Proposition XI. God, or a substance consisting of infinite attributes, each of which expresses eternal and infinite essence, necessarily exists.

Proof. – If you deny it, conceive, if it be possible, that God does not exist. Then (Axiom VII) his essence does not involve existence. But this (Proposition VII) is absurd. Therefore God necessarily exists. Q.e.d.

Axiom VII. The essence of that which can be conceived as not existing does not involve existence.

Proposition VII. Existence appertains to the nature of substance.

Discuss!

Xentor
April 10th, 2008, 01:05 PM
No, because it postulates the assumption that god has essence, and fails to prove that. Without essence, existence no longer is required.

TygerTyger
April 11th, 2008, 02:01 AM
I agree.

I think the problem is that Spinoza was working from a position of a man who already believed in the existence of God because of his Jewish inheritance. As he could not conceive of God’s non-existence he found it impossible to believe that anyone else could do so seriously.

This causes me a problem as my Pantheism is based upon Spinoza’s theory of existence being constituted by one substance and that substance is God. Spinoza does, indeed, fail to prove the existence of God, and he’s not the first, which raises a second question;

Is the existence of God a question better suited to faith that to reason?

Toby Stimpson
April 11th, 2008, 02:26 AM
Whether God exists or not.. cannot be proven logically.

If you say that you believe in God, you are commiting a fallacy because there may not be proof evident.

If you say you do not believe God exists because o the fact that there's no proo... you're commiting a logical fallacy.

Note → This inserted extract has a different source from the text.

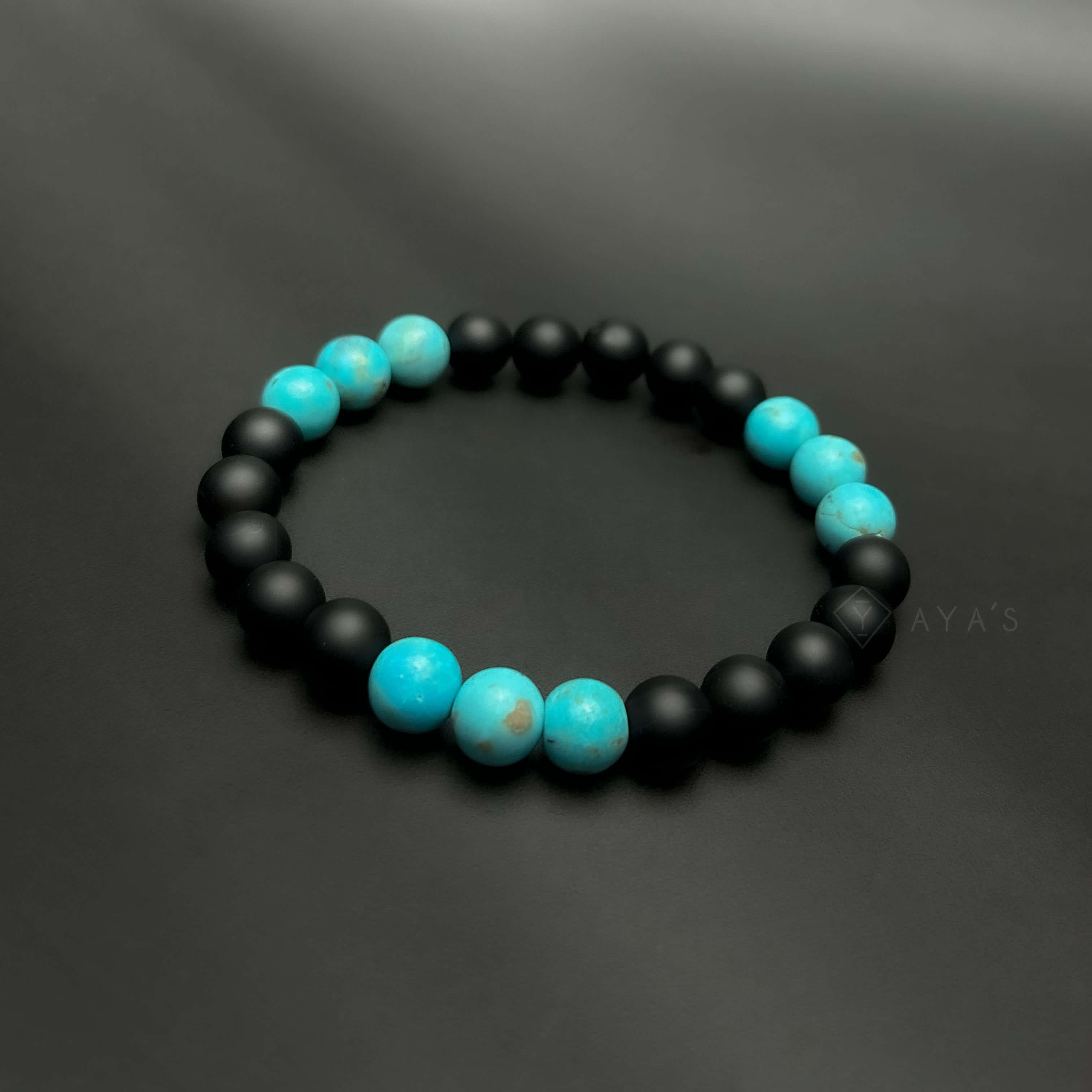 American Turquoise Triplet and Black Onyx Matte Natural Stone Bracelet

God is illogical... but being illogical doesn't state whether you exist or not.

Its a puzzling question.

Shaman7
April 11th, 2008, 02:34 AM
Is the existence of God a question better suited to faith that to reason?

There is no other choice. If it is not be accepted by reason, it must be accepted by faith, if it is to be accepted at all. You can not have it both ways. If it is reasonably proven, then there is no need for faith. If there is faith, then it does not need proven. One necessarily negates the other.

cheddarsox
April 11th, 2008, 06:52 AM
I wrote a long response to this yesterday...then deleted it. Because it dealt with NOT being able to prove the existence of anything by logic, or "necessity".

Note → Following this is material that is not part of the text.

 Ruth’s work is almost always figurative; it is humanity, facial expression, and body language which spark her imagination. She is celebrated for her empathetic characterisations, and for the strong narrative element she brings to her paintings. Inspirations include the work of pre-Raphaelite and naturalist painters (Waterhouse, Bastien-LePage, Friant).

then I thought that maybe you wanted to play by Spinoza's rules, accepting his premises as "given"...and I wasn't interested in doing that. But now that other people have brought up the issue that the excercise itself is faulty...I can throw my hat into the ring.

What I got to thinking about yesterday is that for some people...perhaps God IS necessary. They may truly be unable to function without something in that role in their mind.

Maybe that is true of all/most humans. It may be something that evolved that helps us live in societies. A mental "need" that causes us to bond together in ways that are useful for survival. Maybe some of us just plug something other than a "being" into that space. Though, from an evolutionary standpoint, the idea of it being a "being" makes sense...to imagine it as something like a human, something we can relate to, etc.

In that sense...maybe God is necessary, and in enough people believe, the concept has so much power that it exists in practice, if not in ultimate reality. The people themselves, by their behaviors, make God real. They begin to fill in the blanks, to be the hands, mind of God.

Judgements, punishments, shunning, acceptance based on belief, etc are examples of people acting LIKE the God they say exists.

So...as a parallel...Democracy...does it exist?

The fact that people live and act and work together Democratically...does that make Democracy real?

But it is always practiced imperfectly...so does that mean it is NOT real...but just an ideal, or an idea?

I think God is like that.

An idea or concept that people can "make" real through their agreement to live it. Whether or not that satisfies our concept of "reality" depends on how we define "real".

Of course there are aspects to most deities that people cannot will into reality...the afterlife for instance. There are probably some aspects of Democracy that can't be willed into existance either, they are beyond the scope of humans to practice, though not beyond our ability to imagine.

cheddar

TygerTyger
April 11th, 2008, 07:11 AM
Cheddarsox,

I am looking at Spinoza's Ethics again as this was the book that inspired me to become a Pantheist but I haven't considered his views in depth for sometime, however, I'm more than happy for this thread to pursue any point of debate relevant to the main area of my interest.

I am aware of your argument, it has some anthropological substance, perhaps you are right and our psyches need a god-like being to exist, even if only in the imagination, in order for us to deal with the realities of existence? Religion is a curious phenomena that seems to cross all cultural boundaries suggesting that it is an attribute of being human.

As to democracy, well, everything that we produce is imperfect, if it wasn’t we’d be divine!

Infinite Grey
April 12th, 2008, 05:22 AM
Is the existence of God a question better suited to faith that to reason?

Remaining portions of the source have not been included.